Currently, we have optimized the procedure to obtain a zero value from the instruction. We have changed the approach presented before aiming at saving bits of the encoded instruction. Whenever an instruction has a zero value (\$r0.0), its instruction pattern should stores value 15. At instruction decoding, value 15 will select input values on multiplexers grounded to zero. If an instruction uses register \$b0.0 (read or write), the respective pattern points to one of the fields 0-7 of the encoded instruction.

Fields src1 and src2 of the instruction pattern can also point to items 0-11 of encoded instruction. Signals src1 and src2 works as selectors for two multiplexers and they allow select the right position (in the encoded instruction) which has the address of its source operands 1 and 2 respectively. The selected operands are sent to the BR register bank.

When an operation handles 9-bits or 12 bits immediate, the second source operand is changed. The responsible for the selection is the immediate switch field of the pattern. Case the immediate is 9 bits, the immediate switch field should be 01 selecting signal im\_9. Case the immediate is of 12 bits, field immediate switch should be 10 selecting signal im\_12. Otherwise, field immediate switch must be 00 selecting signal data r2.

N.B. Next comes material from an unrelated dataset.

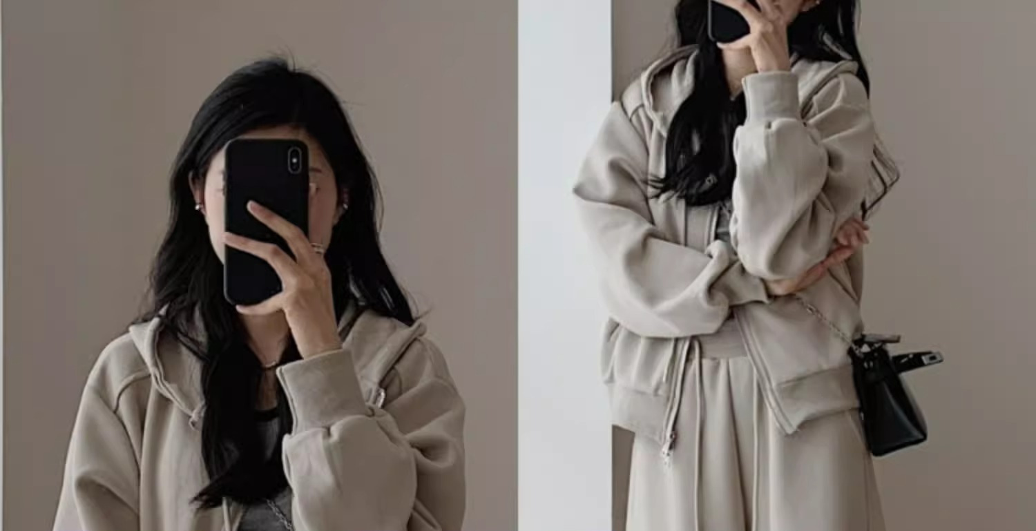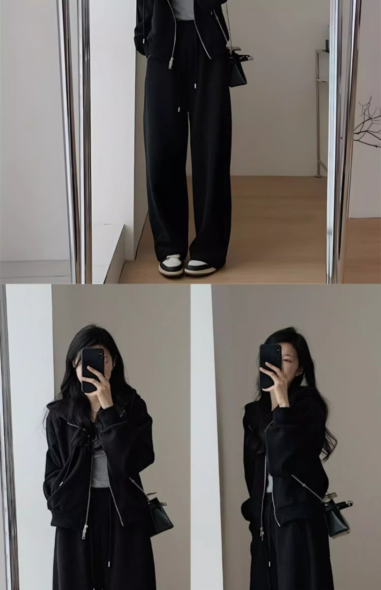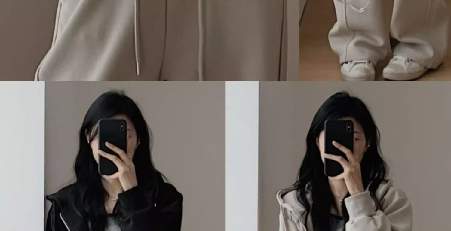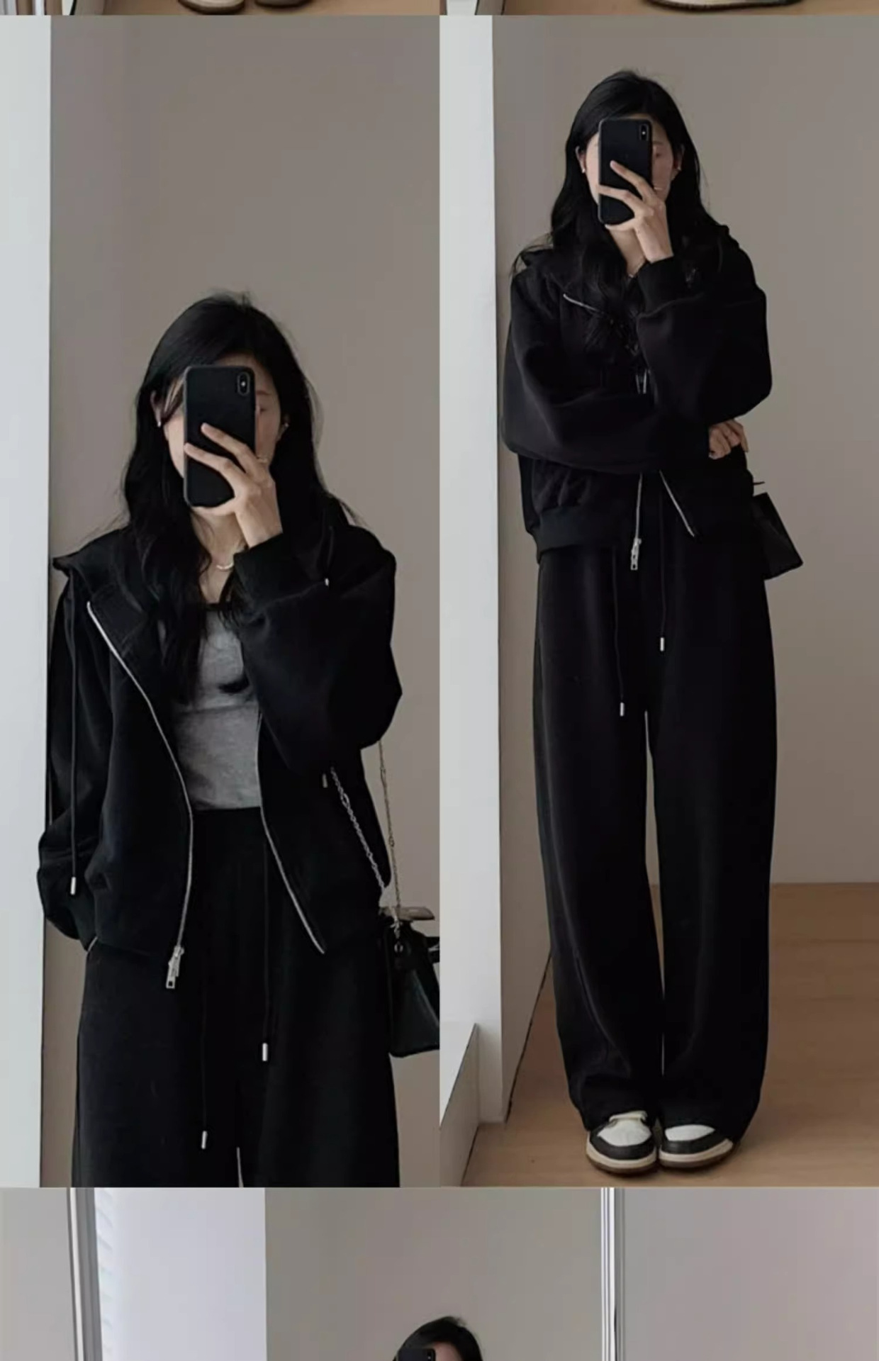 초가을 여성 캐주얼 스웨트셔츠 스포츠 슈트, 패셔너블한 슬림핏과 나이를 줄여주는 와이드 팬츠, 후드 달린 런닝 투피스 세트스토어 가기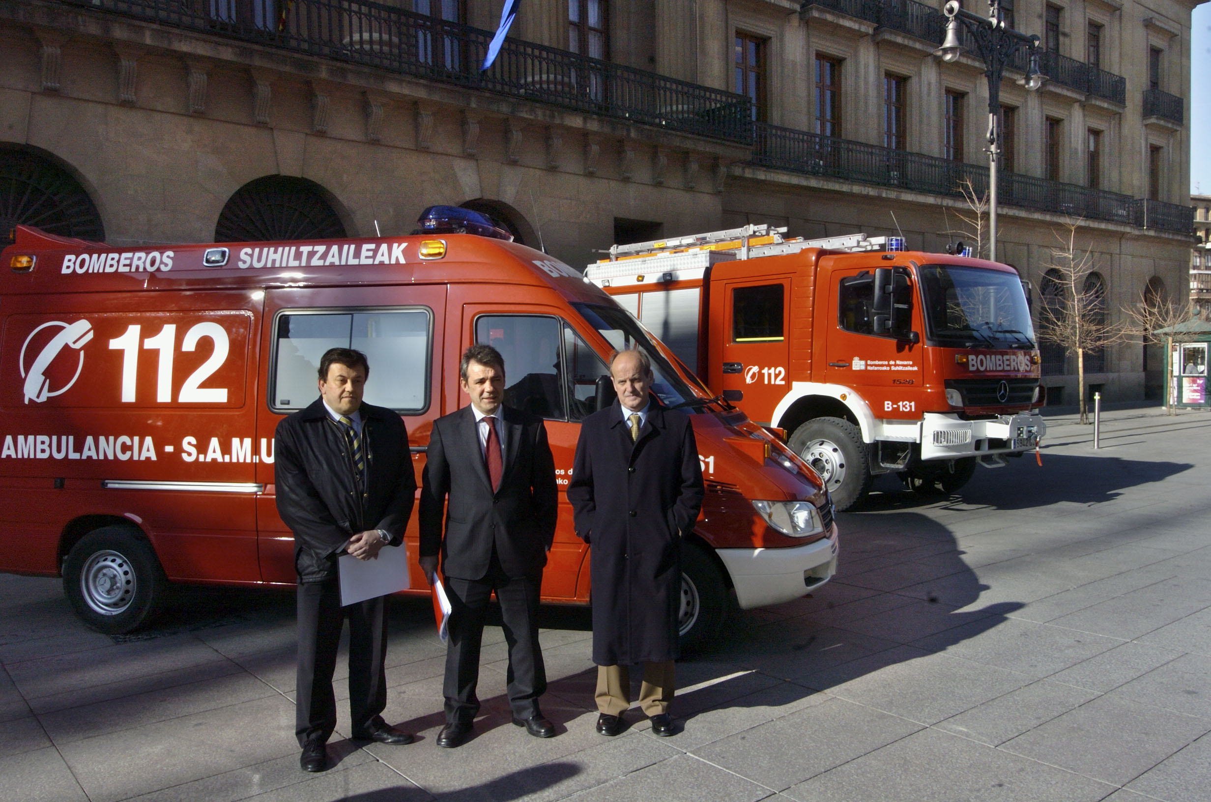 Rábade, Caballero y Vitrián, junto a los dos nuevos vehículos.(ampliar imagen)

| Logic elements                     | ρ-VEX  | ρ-VEX            | ρ-VEX               |
|------------------------------------|--------|------------------|---------------------|
|                                    |        | with constraints | without constraints |
| Total combinational functions      | 10,506 | 8,730            | 9,581               |
| Dedicated logic registers          | 1,805  | 1,739            | 1,768               |
| Total pins                         | 7      | 7                | 7                   |
| Total logic elements               | 10,510 | 8,766            | 9,602               |
| Total memory bits                  | 8,192  | 16,384           | 8,192               |
| Embedded Multiplier 9-bit elements | 28     | 28               | 20                  |

Table 1: Area comparison between the three projects.

## 5 Experiments and Results

The experiments presented below aim at analyzing the impact on the occupied area and power consumption of the decoder circuit on an FPGA platform. We have compared the original  $\rho$ -VEX processor and the two designs of the PBIW decoder circuit. The inputs for the processor are two classic programs (Fibonacci and Factorial). The two program codes are loaded directly into memory instruction (i\_men.vhdl) before synthesis. A new signal, called select\_program has been implemented in order to select the program to be executed from the instruction memory. The FPGA technology used in the experiments was based on the Altera Cyclone II family (device EP2C35F672C6) which contains a total of 33,216 combinational functions, logic elements, dedicated logical registers, and a total of 475 pins.

#### 5.1 Area

In this experiment we have used Altera Quartus II web Edition software. The project top-level entity is system.vhdl. All three projects (original  $\rho$ -VEX,  $\rho$ -VEX with constraints, and  $\rho$ -VEX without constraints) have been standardized for comparison.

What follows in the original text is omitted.